Французам, по-видимому, удалось только несколько оттеснить русские войска (французская пехота на всю ночь осталась под ружьем). Злые языки говорили, что столь ожесточенный, но, в сущности, бесполезный для французов бой авангард Мюрата вел только ради того, чтобы захватить «очень приятное шато, которое весьма подходило для Неаполитанского короля» и который хотел там заночевать[2084]
. Как бы то ни было, ночевка действительно состоялась в Крымском.Когда французы вступили в Можайск 9 сентября, он являл собой страшное зрелище. Помимо того, что часть домов уже сгорела или была полуразрушена, многие здания были переполнены русскими ранеными. Множество раненых и мертвых покрывало площадь Можайска; некоторые раненые еще брели и ползли вдоль улиц, ища хоть какую-нибудь помощь. Их было, по разным данным, от 6 до 10 тыс. человек[2085]
. Ларрей сделал все, что было в его силах, чтобы облегчить участь обреченных. С помощью солдат императорской гвардии он организовал раздачу воды и небольшого количества сухарей. Все неперевязанные раненые были перевязаны. Так как еще живые лежали вперемешку с мертвыми, тела умерших были удалены – их пришлось выбрасывать прямо в окна[2086]. Ужас ситуации усугублялся тем, что в Можайск стали прибывать раненые французы, и их тоже надо было разместить в домах и оказать помощь.
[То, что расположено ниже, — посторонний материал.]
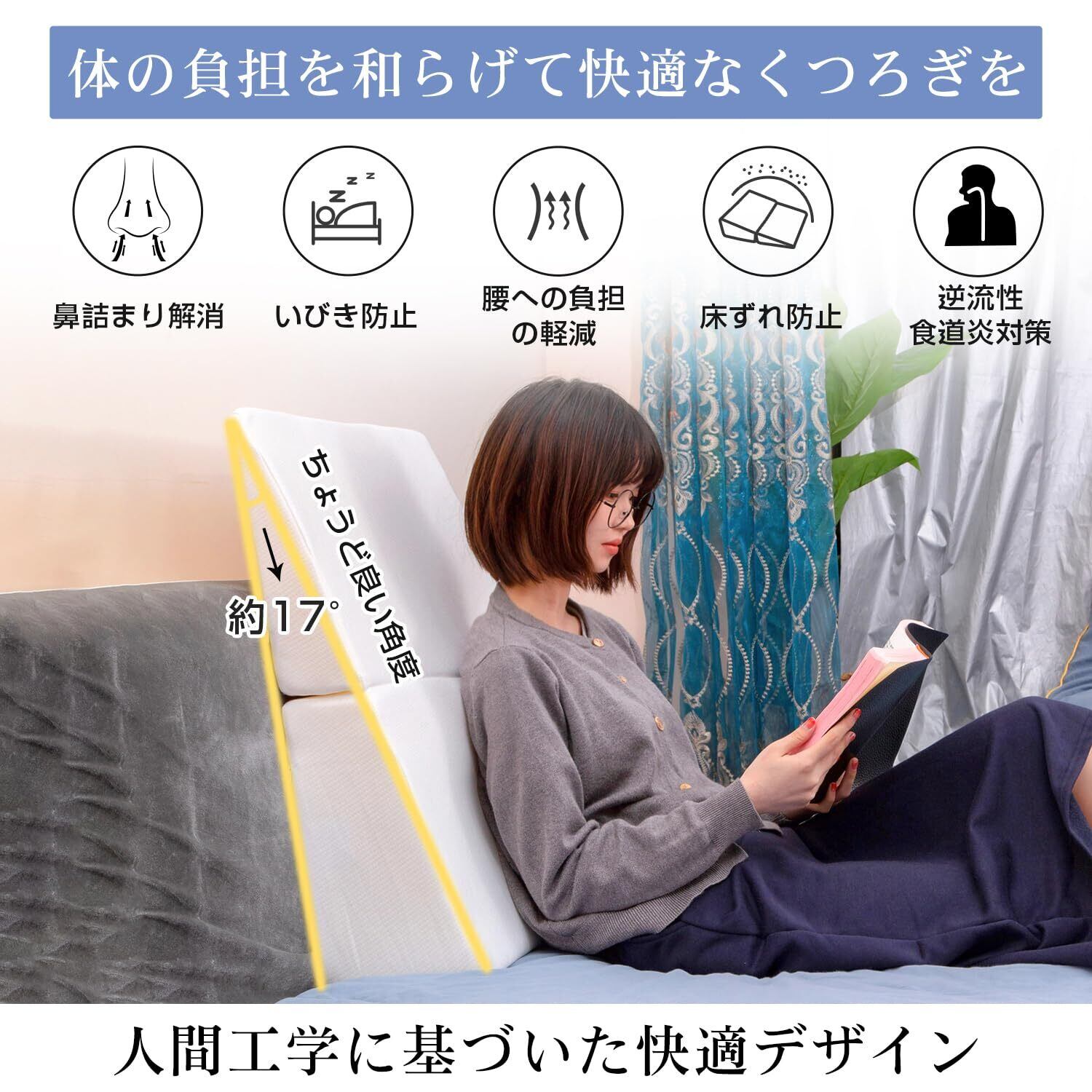 【最適な高さ】胃酸の逆流を防ぐには、就寝時に背中を15cm~20cm上げて寝ると良いと言われています。こちらの三角枕は高すぎず低すぎず最適な17度で、仰向けでもうつ伏せでも最も快適です

Хотя часть русских раненых оставили в домах, многих из них стащили в сады и огороды, где они были брошены на произвол судьбы и могли есть только капусту, росшую там, и мясо своих умерших товарищей![2087]Наполеон въехал в Можайск 9 сентября в середине дня. Каменный купеческий дом, выходивший фасадом на площадь, возле спуска с крутой горы, на которой высился недостроенный Никольский собор, был немедленно приспособлен под Главную квартиру императора. Хотя дом был либо не достроен, либо уже разорен проходившими войсками, он был, по крайней мере, лучше палатки, в которой Наполеон провел четыре холодные и дождливые ночи. Наскоро устроившись, он возобновил работу Кабинета, отложенную на пять дней. Совсем потеряв голос, император прибегнул к перу, что было «серьезным нарушением привычки» (Фэн). Скрипя пером, Наполеон быстро покрывал листы бумаги своими каракулями. Для того чтобы их разбирать и переписывать, Наполеон задействовал не только своих обычных секретарей, Меневаля и Фэна, но также и начальника топографического кабинета штабного полковника Бакле д’Альба, барона Мунье и одного из штабных полковников Главного штаба. Графу Дарю и Бертье также пришлось взять на себя часть дела. С огромным трудом расшифровывалась каждая строчка наполеоновских набросков, а тем временем император, заканчивавший новый приказ, стучал по столу, чтобы забрали уже накопившиеся наброски. Почти весь день прошел в этой немой работе, когда был слышен только скрип перьев и стук по столу Наполеона, требовавшего забрать очередную бумагу[2088]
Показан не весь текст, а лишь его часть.